After two quarters of play, Sam Houston State totaled 217 yards of offense, surpassing last year's national title game yardage total of 210 yards.

Sam Houston State has now totaled 211 rushing yards and zero touchdowns on 80 attempts in its last two games versus the Bison.

NDSU running backs John Crockett and Sam Ojuri both eclipsed the 1,000-yard rushing mark on the season. Crockett finished the game with 82 yards on 11 carries and averaged 16 yards per carry in the first half, while Ojuri rushed for a game-high 92 yards and two touchdowns. Crockett finished the season with 1,038 rushing yards and Ojuri finished with 1,047 on the ground.

Quarterback Brock Jensen only threw for 115 yards, but carried the ball eight times for 44 yards and three touchdowns. In 15 games this season, he scored 12 rushing touchdowns. The junior is now 32-5 as a starter in his career.

Sam Houston State junior quarterback Brian Bell passed for 255 yards and one touchdown, including 160 yards in the first half, but threw three interceptions, the first two resulting in 14 NDSU points.

The junior signal-caller threw two interceptions in last year's national title game. He entered the game having thrown seven interceptions this season, including only one in the team's last seven games.

NDSU came into the game as the FCS' No. 1-ranked passing defense, allowing just 131 passing yards per game.

All-America cornerback Marcus Williams intercepted two Bell passes to become NDSU's all-time career leader in interceptions.
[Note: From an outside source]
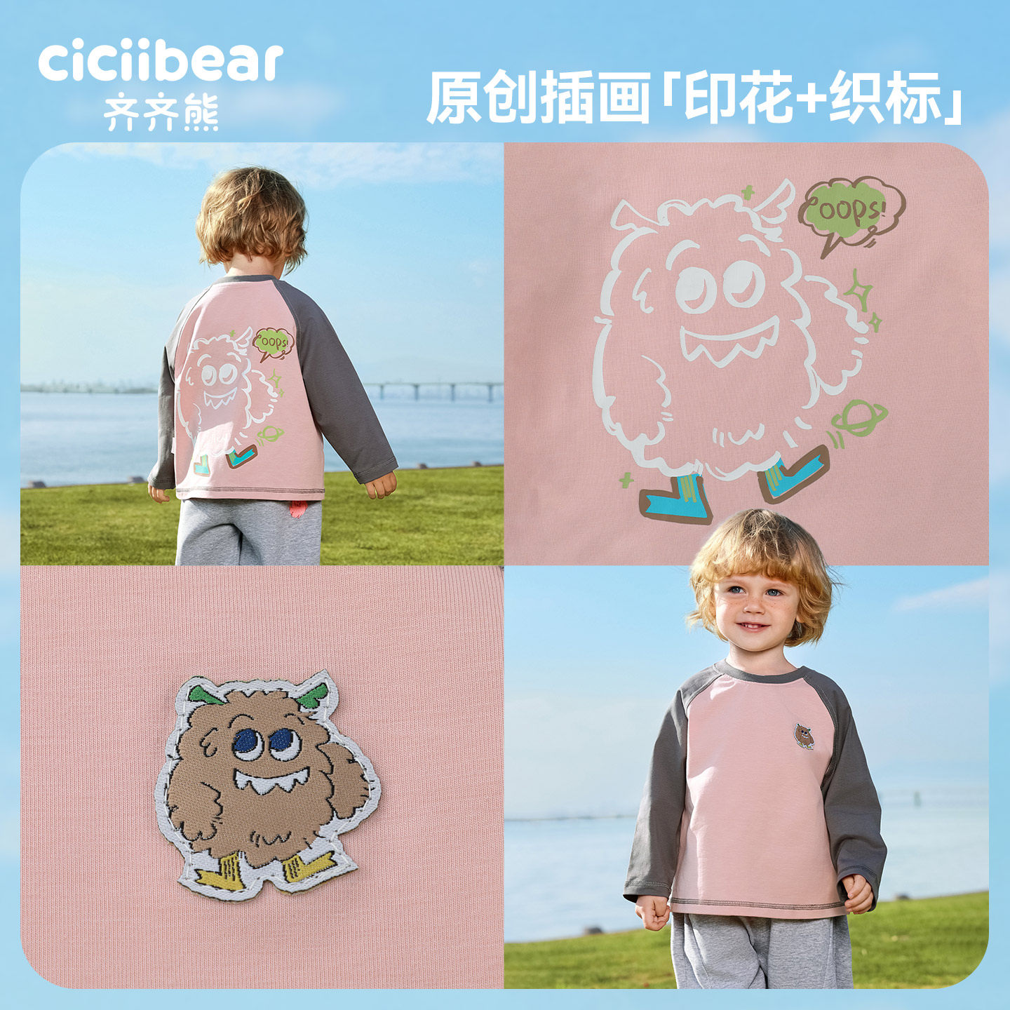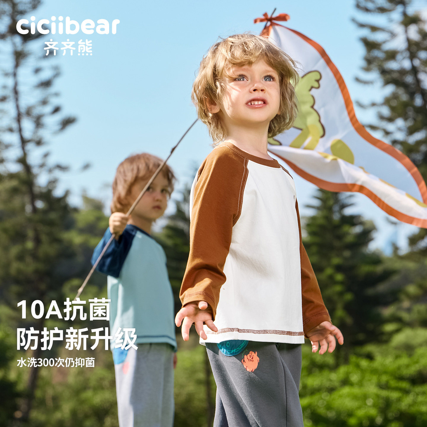 📚 [10A抗菌]齐齐熊宝宝t恤长袖春秋款男童插肩儿童圆领2026新款上衣

In the second quarter, Williams intercepted Bell for his sixth pick of the season and 17th in his career. In the fourth quarter, he capped off his junior season with his seventh interception of the season and 18th in his career. He entered the game tied with Steve Krumrei's school record of 16 set in 1969.

Sam Houston State's defense came into the game allowing just 84 rushing yards per contest and had allowed a total of just two rushing touchdowns versus FCS competition this season. The unit allowed a total of seven rushing touchdowns in 14 games this season before allowing five rushing touchdowns versus the Bison on Saturday.

NDSU came into the national championship game leading the FCS in time of possession with a 34:39 mark. Through two quarters of play, however, the Bison held onto the ball for just 12:38, but finished the contest holding onto the ball for a 30:13.

The Missouri Valley Conference now has an all-time record of 4-0 in FCS championship appearances versus Southland Conference foes. Youngstown State defeated McNeese State in 1997, Western Kentucky defeated McNeese State in 2002 and North Dakota State has now defeated Sam Houston State in back-to-back seasons (2011-12).